Humankind has used enzymes for thousands of years to carry out important chemical reactions for making products such as cheese, beer, and wine. Bread and yogurt also owe their flavor and texture to a range of enzyme producing organisms that were domesticated many years ago.

In the textile industry, one of the first areas which enzyme research opened up was the field of desizing of textiles.  A size is a substance that coats and strengthens the fibers to prevent damage during the weaving process. Size is usually applied to the warp yarn, since this is particularly prone to mechanical strain during weaving.   The size must be removed before a fabric can be bleached and dyed, since it affects the uniformity of wet processing. Previously, in order to remove the size, textiles were treated with acid, alkali or oxidising agents, or soaked in water for several days so that naturally occurring microorganisms could break down the starch. However, both of these methods were difficult to control and sometimes damaged or discoloured the material. But by using enzymes, which are specific for starch, the size can be removed without damaging the fibers.

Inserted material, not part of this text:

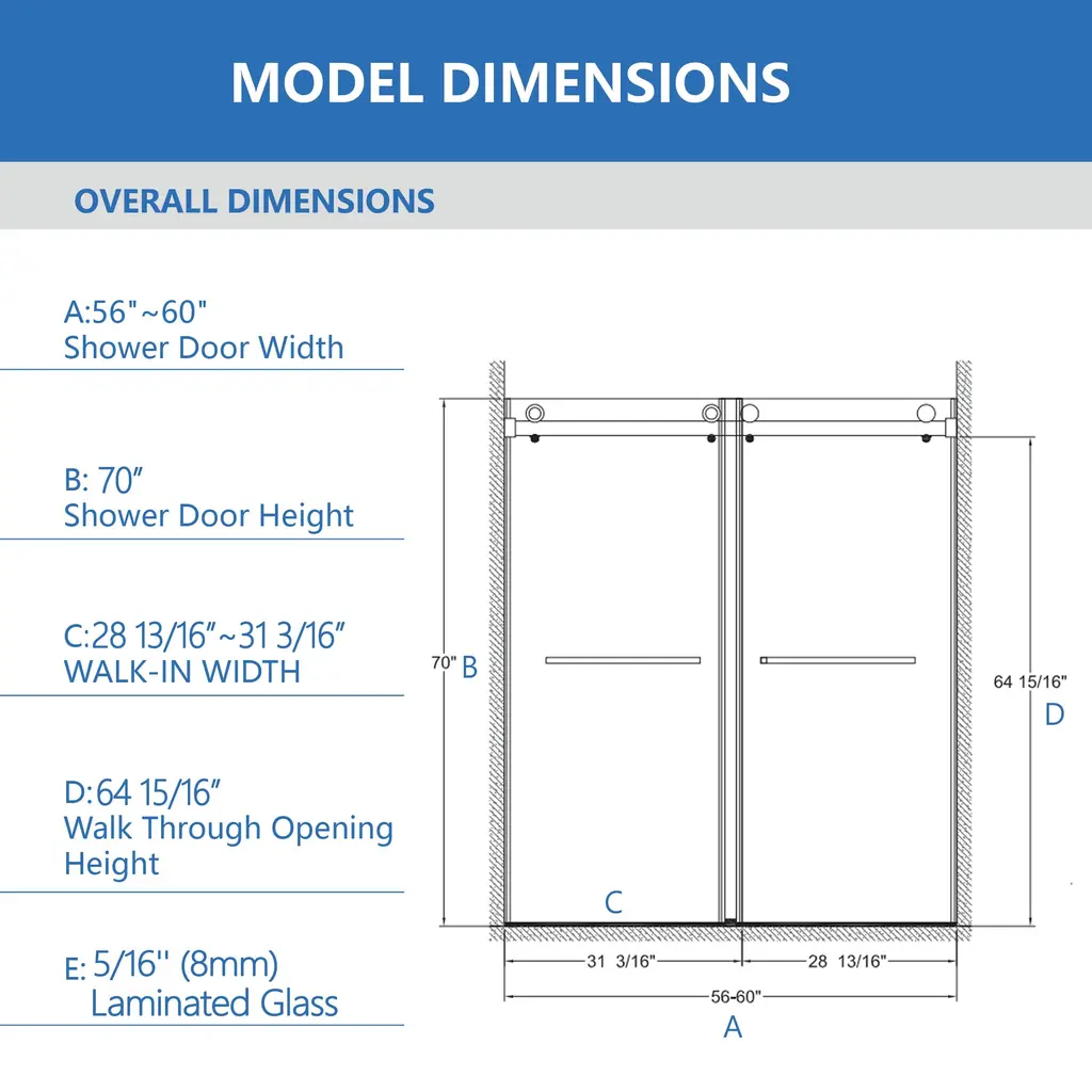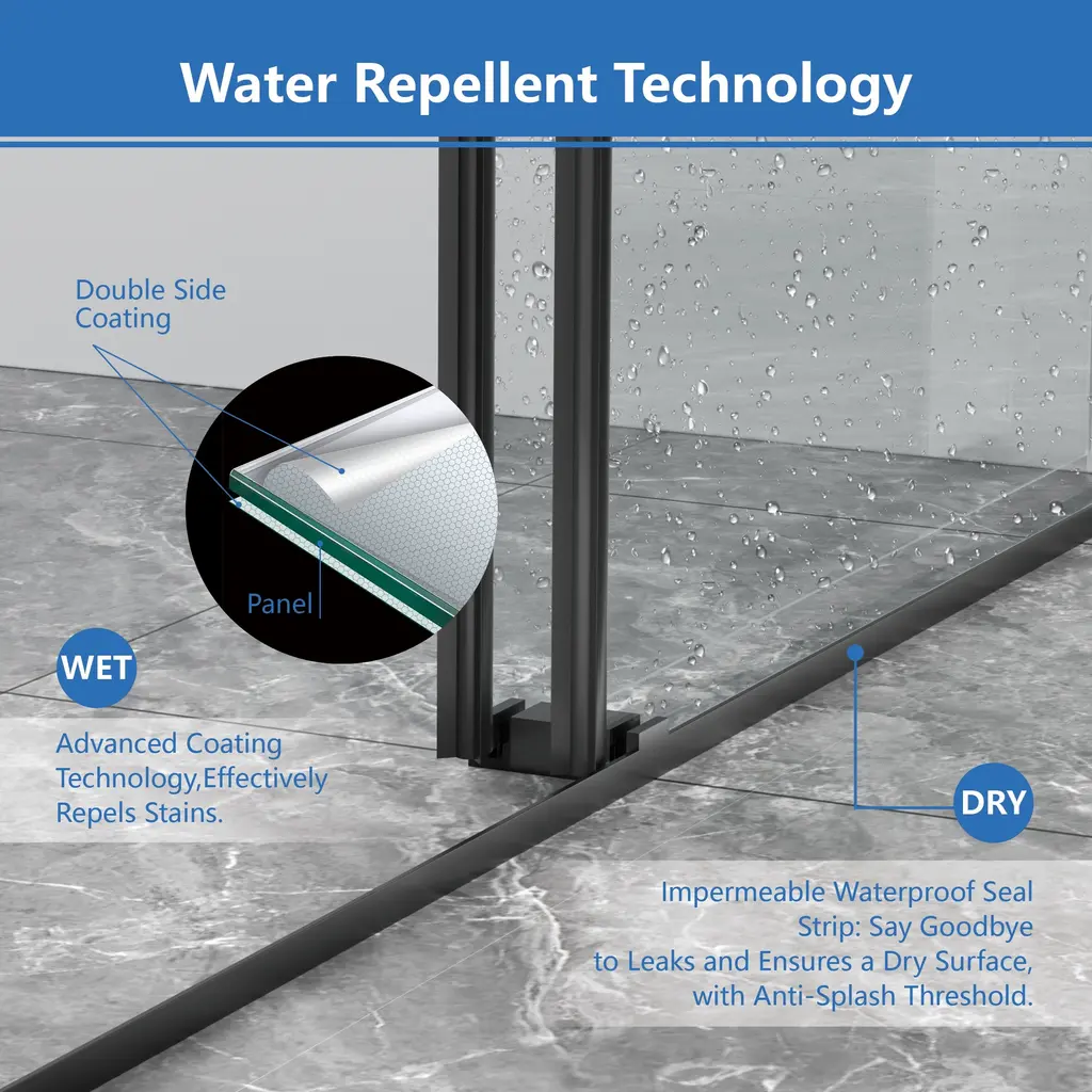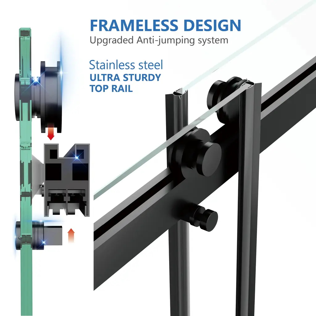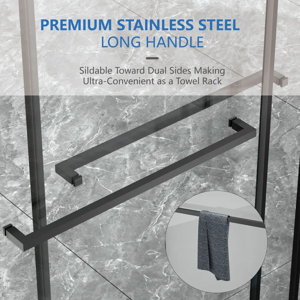 Stainless steel frame and handle are corrosion-resistant and anti-rust, ensuring durability even in wet environments.Enjoy seamless access with our Double Sliding Shower Doors equipped with buffer, guaranteeing smooth and effortless operation for added convenience. Reversible installation for right or left, step-by-step instructions and hardware included for easy installation, the width of the door can be adjusted by cutting guide.The shower door is designed with sleek simple lines and concealed screw installation, which add more modern elements to your bathroom.
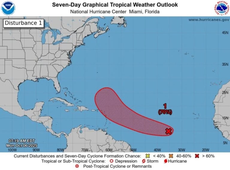 MIAMI.– Una amplia zona de baja presión asociada con una onda tropical de baja latitud continúa generando una extensa área de lluvias y tormentas eléctricas desorganizadas sobre el Atlántico tropical central, informó el Centro Nacional de Huracanes (NHC).

Enzymes used in textile processing - photo from Novozymes

It represented great progress, therefore, when crude enzyme extracts in the form of malt extract, or later, in the form of pancreas extract, were first used to carry out desizing.  Bacterial amylase derived from Bacillus subtilis  was used for desizing  as early as 1917. Amylase is a hydrolytic enzyme which catalyses the breakdown of dietary starch to short chain sugars, dextrose  and maltose.

Enzymes have been used increasingly in the textile industry since the late 1980s. Many of the enzymes developed in the last 20 years are able to replace chemicals used by mills. The first major breakthrough was when enzymes were introduced for stonewashing jeans in 1987 – because more than one billion pairs of denim jeans require some sort of pre-wash treatment every year. Within a few years, the majority of denim finishing laundries had switched from pumice stones to enzymes.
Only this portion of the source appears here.